Project

General

Profile

Bug #20945

get_quota_root sends lookupname op for every buffered write

Added by Dan van der Ster 3 months ago. Updated about 1 month ago.

Status:
Resolved
Priority:
Normal
Assignee:
-
Category:
-
Target version:
Start date:
08/08/2017
Due date:
% Done:

0%

Source:
Community (user)
Tags:
Backport:
jewel, luminous
Regression:
No
Severity:
3 - minor
Reviewed:
Affected Versions:
ceph-qa-suite:
Release:
jewel
Component(FS):
Client
Needs Doc:
No

Description

We have a CAD use-case (hspice) which sees very slow buffered writes, apparently due to the quota code. (We haven't yet found a trivial reproducer for this).
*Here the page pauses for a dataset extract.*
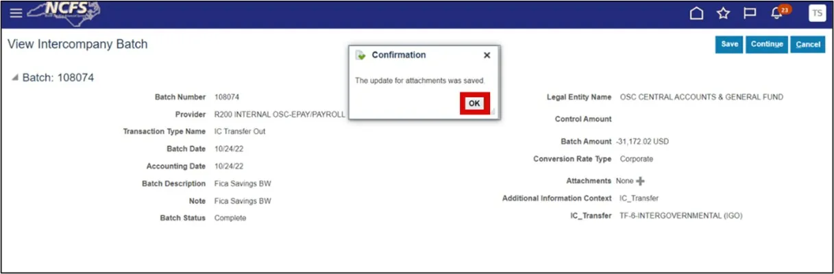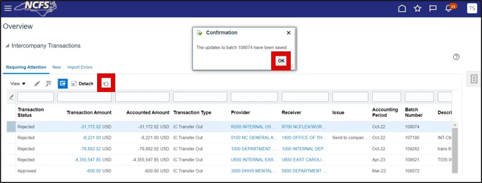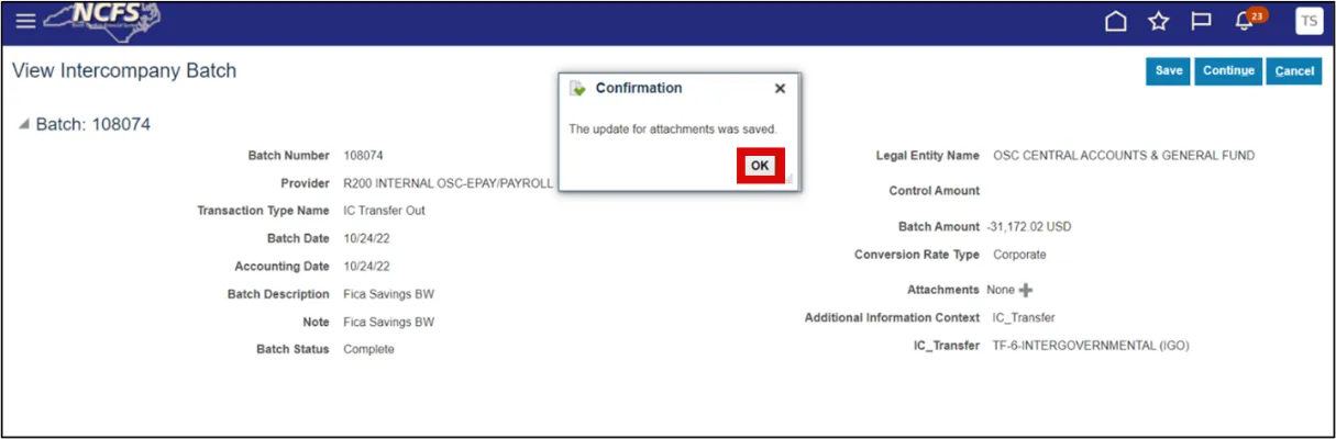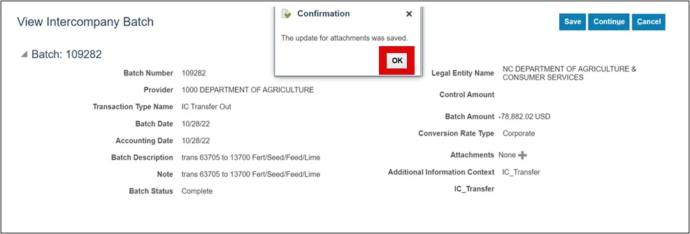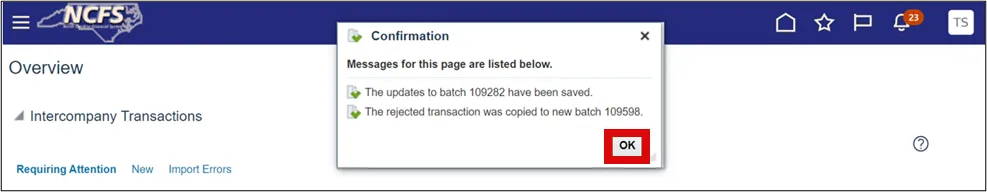 Step 9.    You will receive a message that the batch has been updated and saved. Select the OK button and this will end the process and return you to the Intercompany Transactions Overview page.

hspice creates a dir (input.pvadir), then makes several thousand small writes a file, e.g. input.pvadir/pvaRadh.va.
What we're finding is that each write triggers a lookupname op which gets permission denied. So these several thousand buffered writes results in thousands of round trips for lookupname (even though the actual write doesn't happen until later).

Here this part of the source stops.